*** DATA FOR THIS EXERCISE

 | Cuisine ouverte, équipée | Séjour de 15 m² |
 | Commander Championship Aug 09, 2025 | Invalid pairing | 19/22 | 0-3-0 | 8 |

******
*** DATA FOR THIS EXERCISE

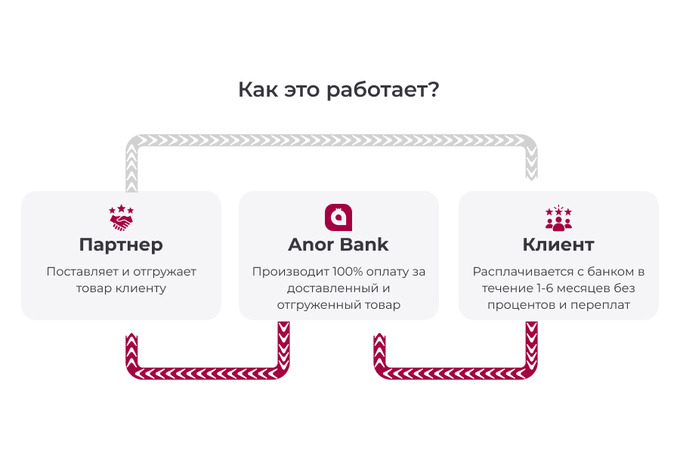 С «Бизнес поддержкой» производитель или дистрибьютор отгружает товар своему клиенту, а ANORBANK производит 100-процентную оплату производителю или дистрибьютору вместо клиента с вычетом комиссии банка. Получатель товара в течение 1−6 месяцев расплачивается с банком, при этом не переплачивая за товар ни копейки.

******
*** DATA FOR THIS EXERCISE

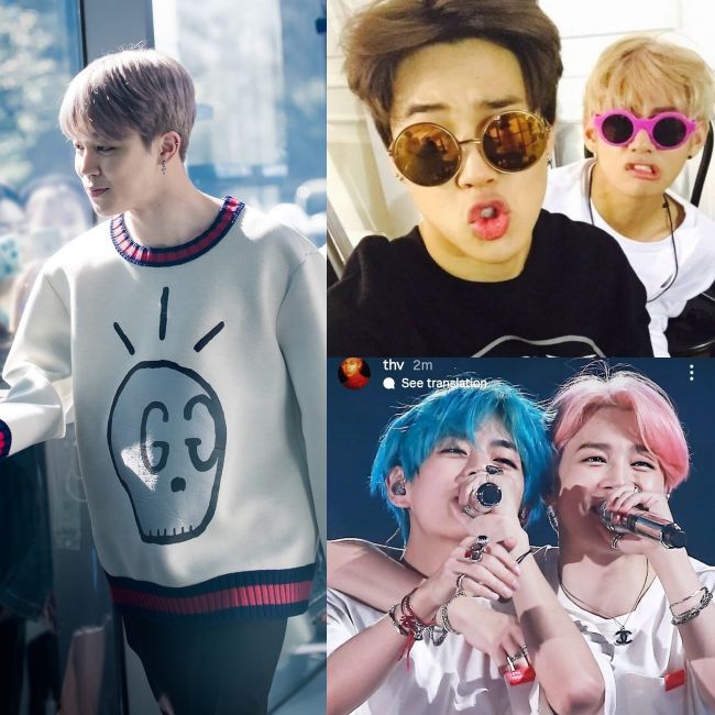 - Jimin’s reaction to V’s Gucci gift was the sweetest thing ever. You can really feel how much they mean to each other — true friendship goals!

******

● EXERCISE REQUIREMENTS: Start with the line above that contains "Séjour de 15 m² |" and end with the line that contains "19/22 | 0-3-0 | 8 |". Write out those lines exactly, and only those.

● ANSWER SPACE:
 | Cuisine ouverte, équipée | Séjour de 15 m² |
 | Commander Championship Aug 09, 2025 | Invalid pairing | 19/22 | 0-3-0 | 8 |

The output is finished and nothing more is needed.